Using that analogy, you are stochastically sampling from other people's splat mark art, and guiding it towards something that resembles the prior work.
I'd like to take a moment to emphasize that whether something is copyrightable and whether it is infringing are actually separate considerations. Both are social constructs the same as which side of the road one drives on, and it makes sense for us to define them in some way that is "fair", whatever that means.
Copyright implies creativity. The creator owns the copyright, expect for in works for hire. But the thing has to be created. An ai doesn't have creativity so it can't own a copyright. You could argue that the person who created the prompt owns the copyright. And you may have a valid point based on how much creativity is required.
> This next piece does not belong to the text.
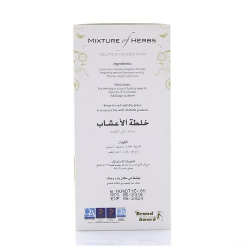 Une tisane naturelle faite à partir de la combinaison parfaite d’herbes, qui contient des propriétés digestives pour soulager l’indigestionIngredients : Caraway , menthe , gingembre , Anis , chamomille , Thym , Thé VertPack de 20 Sachets
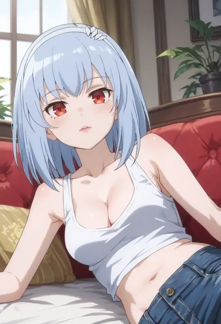 AMGSophie,红眼睛,眉毛透过头发可见,刘海,长发,头发遮住眼睛,蓝发,

TBH i do not see "prompts" to be copyrightable. For one, they're incredibly short (e.g. most image generators will output something for "a green field" - who owns that prompt?). For another, they're incredibly reliant on pretty much everything else around the system: the same prompt can produce wildly different results based on different algorithms, models, weights, etc. And let's not forget that not everything uses a "prompt".
Prompts are really just a UI (with a bad UX IMO, it just happens to be impressive at a first glance to "talk with the computer"), trying to copyright a prompt is akin to trying to copyright a series of clicks and keypresses in an image editor to produce some effect (and just like a "prompt", you'd easily get different results depending on where you apply that effect, what program/version you are using, etc).
> trying to copyright a prompt is akin to trying to copyright a series of clicks and keypresses in an image editor to produce some effect
But, isn't that copyrightable? Like, if I draw a pixel art sprite, that's just a series of clicks.
No, the copyrightable part is the pixel art sprite, not the way you made it.
...I don't see how this is different from saying "the copyrightable part is the AI-generated image, not the way you made it".
You might argue "well you didn't make the AI image", but if not for me doing something it wouldn't exist, so we're back to discussing process.
I already explained why it is different in my original post: the prompts are UI (and IMO a bad one at that). UI interactions are not copyrightable - you could copyright some sort of program/script akin to automation, but what would be copyrightable is the program/script itself, not the actions it takes.
You doing "something" doesn't mean that "something" is copyrightable - or that it should be (if anything, less things should be).
I don't mean to go in circles, but I think that applies to pixel art! You made the pixel art via a series of UI interactions, nothing more and nothing less.
You said that for pixel art "the copyrightable part is the pixel art sprite," but then couldn't I say the copyrightable part of an AI-generated image is the generated image? Again, both of these creations were made via UI interactions!
If UI interactions aren't copyrightable, then practically no digital art is copyrightable, because all of it can be recreated by a series of UI interactions. I'm not understanding how a digital drawing and an AI drawing are different under your framework.
> The creator owns the copyright, expect for in works for hire.
The exception is actually more narrow than it sounds too. Work for hire requires that the work be made as part of employment or that the work was both commissioned for a handful of carveouts and there was a contract in place agreeing that it is considered a work for hire.
So if you commission a piece of art for yourself, the owner of the copyright is the artist. Also my understanding is that while the artist can transfer copyright, they can at any point take it back from you.
[deleted]
1) is an utter minefield, though. If you create an artwork using Adobe Photoshop, you have the copyright. If you use Minecraft, apparently Microsoft own it. So where does the prompt engineer lie? No-one knows.
Microsoft owns the copyright to everything created in Minecraft?! That's news to me. Is it in the Terms of Service or something?
I would very much hope that wouldn't hold up in court.
It’s mentioned in the article, there’s case law.
I read the article again, what am I missing? I'm sorry, I know I must be skipping over something somehow but I don't know what!
They completely forgot a 4th option: it belongs to the people who have copyright on the training data.
If I take someone's book, painstakingly replace all words with their synonyms and publish it as mine, I am getting sued. Same if I do some other mechanical transformation meant to obscure the true original work.
There's no AI, there's just statistical models of existing work.
If you take a bunch of books. Read then. Then write your own story with hints from each of the books, then who owns the copyright? Yes if you take a single work and replace every word with a synonym, that works be infringement. But that isn't what an ai does
Let me reiterate, there is no AI, there are only statistical models. It doesn't matter if you make the math too complex for a human to make sense of or not, it's just a remix of existing copyrighted material.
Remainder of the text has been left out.